I'll catch you all later I suppose.

the head of the dog.


----------



## aurance (Sep 19, 2004)

I've had a bad experience with pirates in the past...

This day always brings back painful memories.

Oh well, a single tear and several glasses of whiskey will do the trick.


----------



## Berandor (Sep 19, 2004)

Turanil said:
			
		

> What's happening?!?!
> 
> I don't understand a single word of all this mess. Has Enworld server been relocated to Port Royal?



 The server's bin taken fer a prize? Now that explains a lot!


----------



## EricNoah (Sep 19, 2004)

Pirates are murdering thieves. 


Oh yes, I went there.  *snap, snap*


----------



## Berandor (Sep 19, 2004)

EricNoah said:
			
		

> Pirates are murdering thieves.
> 
> 
> Oh yes, I went there.  *snap, snap*



 Well, I s'ppose them thieves had it comin'.


----------



## Piratecat (Sep 19, 2004)

Murdering thieves, says ye? Patriots and businessmen, say I, devil a doubt, sa ha! 

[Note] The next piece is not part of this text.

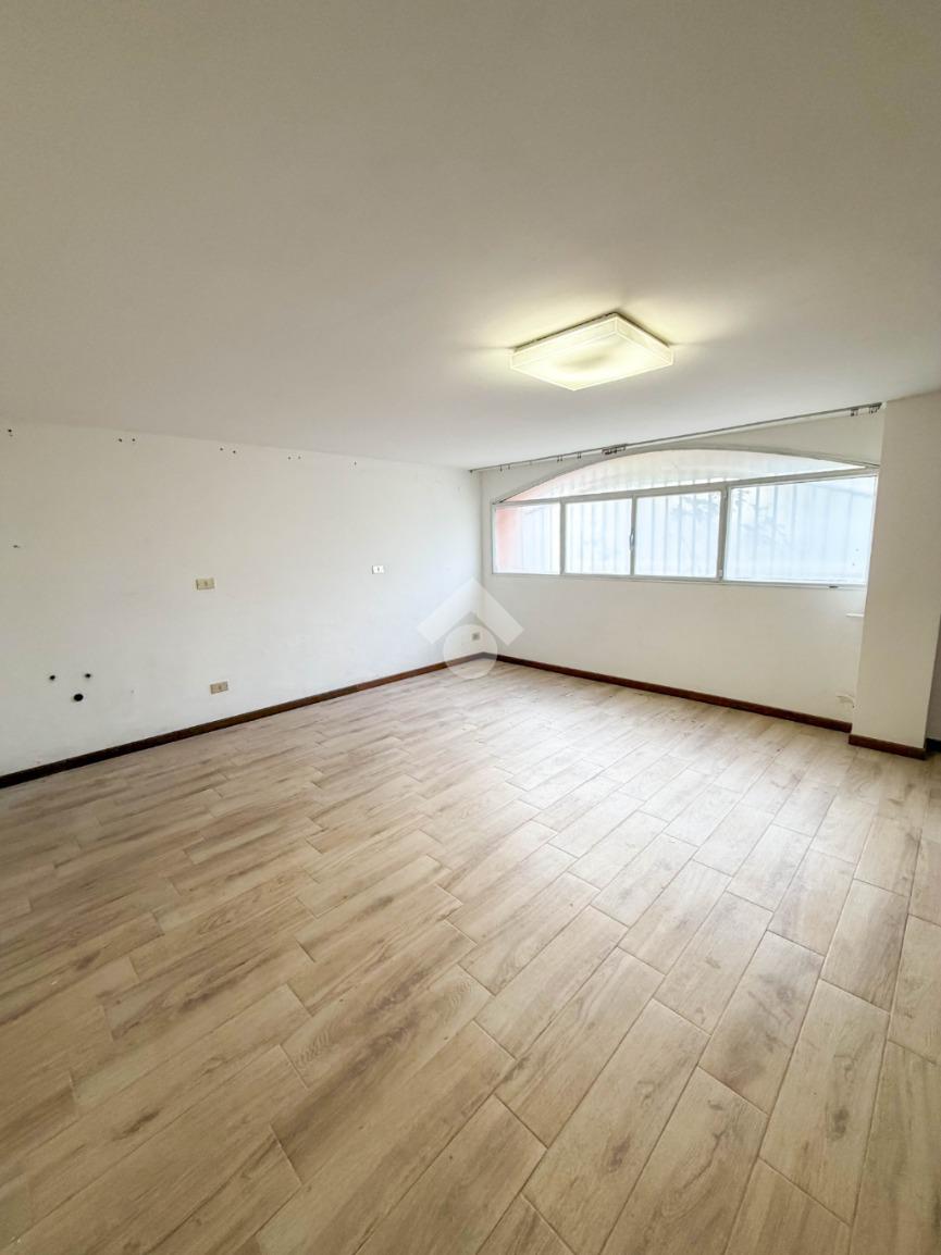 L’ufficio misura circa 105 metri quadrati, si suddivide in quattro locali e presenta due servizi igienici con doccia non a norma disabili. L’immobile ha un'altezza di circa 2,10 metri ed è caratterizzata da una pavimentazione in gres effetto legno. La struttura ha l’impianto elettrico, l’impianto d’illuminazione e la porta blindata.

Luckily, the pirates only hang out for a day before sailing back home. Being silly for a day is a small price to pay.


----------



## Olgar Shiverstone (Sep 19, 2004)

Shiver me timbers, if it ain'tn't the Piratekitty, in style for a day.

Up, me hearties, yo ho!


----------



## hong (Sep 19, 2004)

Bah, see sig.


----------



## Ankh-Morpork Guard (Sep 19, 2004)

Aye, tis a beautiful day to fly me flag!


----------



## Piratecat (Sep 19, 2004)

Darr! Pirate Hong's ass - with a sextant!

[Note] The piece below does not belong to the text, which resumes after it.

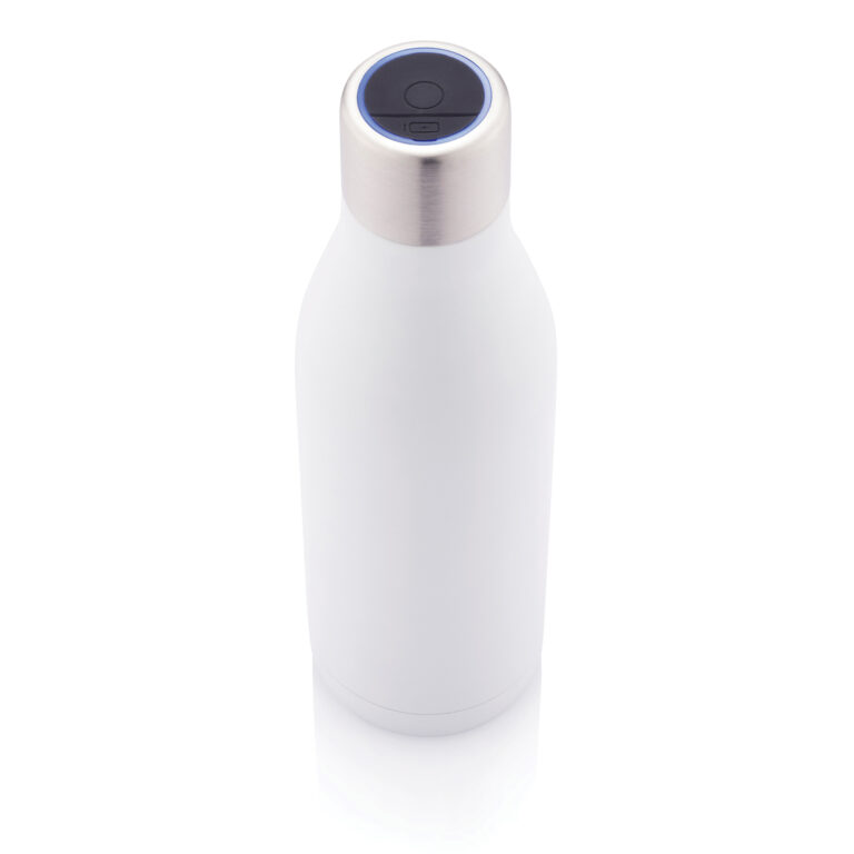 Унікальна вакуумна пляшка з нержавіючої сталі оснащена світлодіодною технологією UV-C стерилізації. Це дозволяє очистити внутрішню поверхню пляшки, усунути сторонні запахи, бактерії і віруси всього за 5 хвилин. Бездоганний дизайн. Пляшка здатна зберегти ваші напої холодними до 15 годин і гарячими до 5 годин, завдяки подвійним стінкам із нержавіючої сталі. Оснащена літій-полімерним акумулятором 180 мАг, який легко підзарядити через USB. Ємності акумулятора досить, щоб простерилізувати пляшку до 14 разів на одному заряді. Обсяг 500 мл. Не містить BPA.

Har har. Funny, 'tis that, b' the powers.


----------



## kirinke (Sep 19, 2004)

Lol. 
*snaps on her eye-patch and carotty cutlass. Let's raid Nothingland!


----------



## Ferret (Sep 19, 2004)

I' 'ed be o' nay use me laddie! They already be more corrupt then black sall' and 'er feevin' 'ladies back o' tortuga.


----------